To add trace context to an MQTT message, we reconstruct the traceparent HTTP header from the spanContext and include it in the message properties.
Copy code
val spanContext = span.spanContext
val message = MqttMessage().apply {
properties = MqttProperties().apply {
val traceparent = "00-${spanContext.traceId}-${spanContext.spanId}-${spanContext.traceFlags}"
userProperties = listOf(UserProperty("traceparent", traceparent))
}
qos = options.qos
payload = Json.encodeToString(Payload(req.path(), req.remoteAddress().get().address.hostAddress)).toByteArray()
}
This approach ensures that the trace data follows the message across different services and systems.
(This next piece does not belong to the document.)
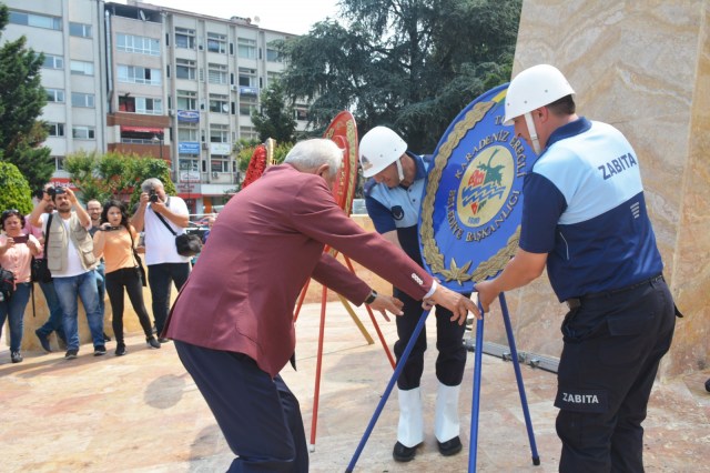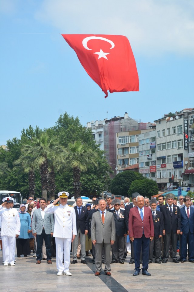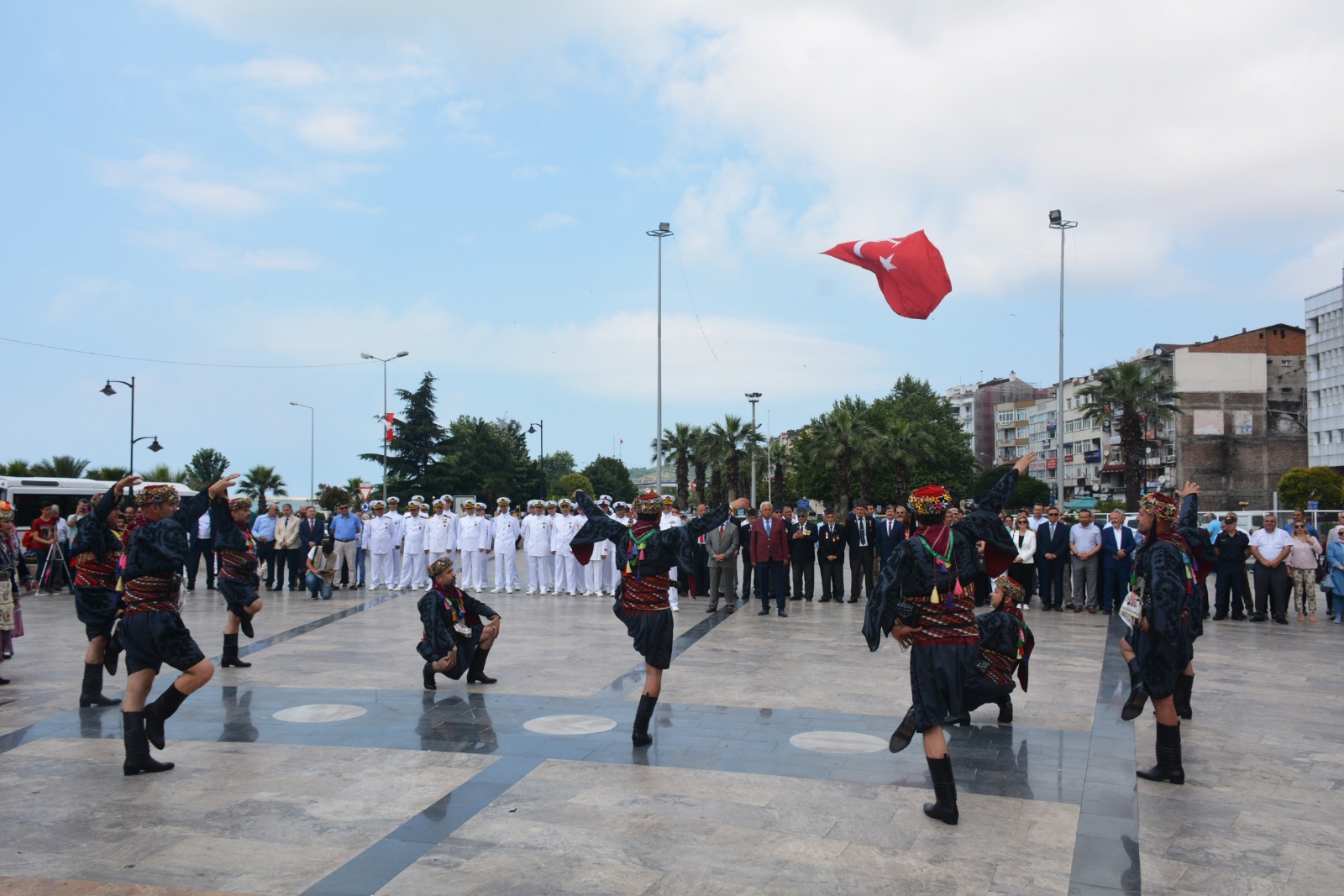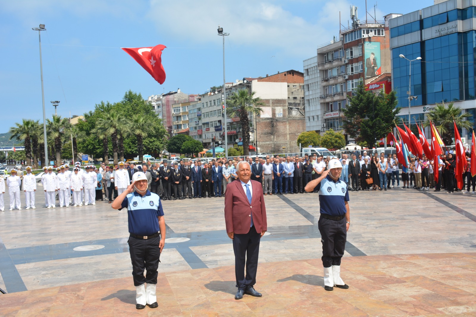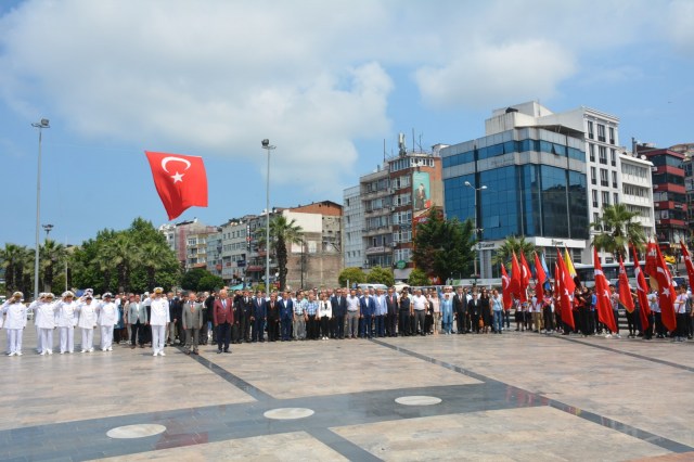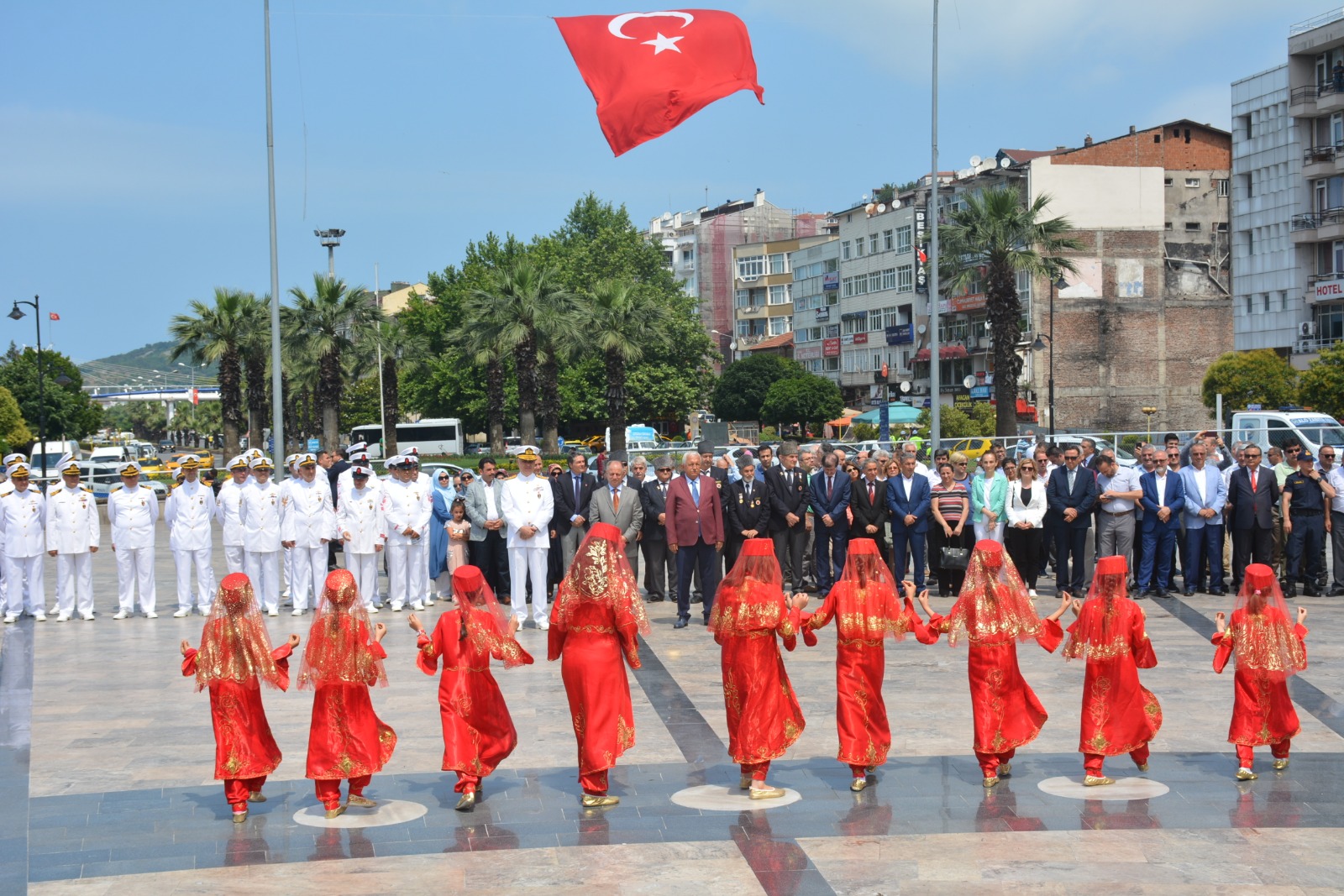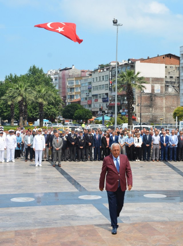 Atatürk Anıtı önünde düzenlenen törene Karadeniz Ereğli Kaymakamı İsmail Çorumluoğlu, Karadeniz Bölge ve Garnizon Komutanı Tuğamiral Cemal Özden Yazıcıoğlu, Ereğli Belediye Başkanı Halil Posbıyık, AK Parti İlçe Başkanı Mehmet Fatih Çakır, CHP İlçe Başkanı Sevdekar Aras, meslek örgütü ve sivil toplum kuruluşu temsilcileri, gaziler, askeri ve sivil erkan ile vatandaşlar katıldı.

OpenTelemetry Subscriber in NodeJS
On the receiving end, a NodeJS service subscribes to the MQTT topic and extracts the traceparent data from the message metadata, allowing it to create a new span in the trace.
Copy code
const sdk = new NodeSDK({
resource: new Resource({[SemanticResourceAttributes.SERVICE_NAME]: 'analytics'}),
traceExporter: new OTLPTraceExporter({url: `${collectorUri}/v1/traces`})
});
sdk.start();
client.on('message', (aTopic, payload, packet) => {
const userProperties = packet.properties['userProperties'];
const activeContext = propagation.extract(context.active(), userProperties);
const span = tracer.startSpan('Read message', {attributes: {path: data['path'], clientIp: data['clientIp']}}, activeContext);
span.end();
});
This ensures that the entire message flow is traced, giving us a complete picture of the system’s health and performance.
Conclusion
By enhancing the OpenTelemetry tracing demo, we have achieved better observability across multiple services written in Kotlin, Python, and Rust. The introduction of PostgreSQL, MQTT messaging, and Gunicorn has made the application more production-ready, while Dockerfile optimization has improved efficiency.
For anyone looking to improve their multi-language, distributed systems with OpenTelemetry tracing, incorporating these best practices will ensure robust monitoring, enhanced performance, and easier debugging.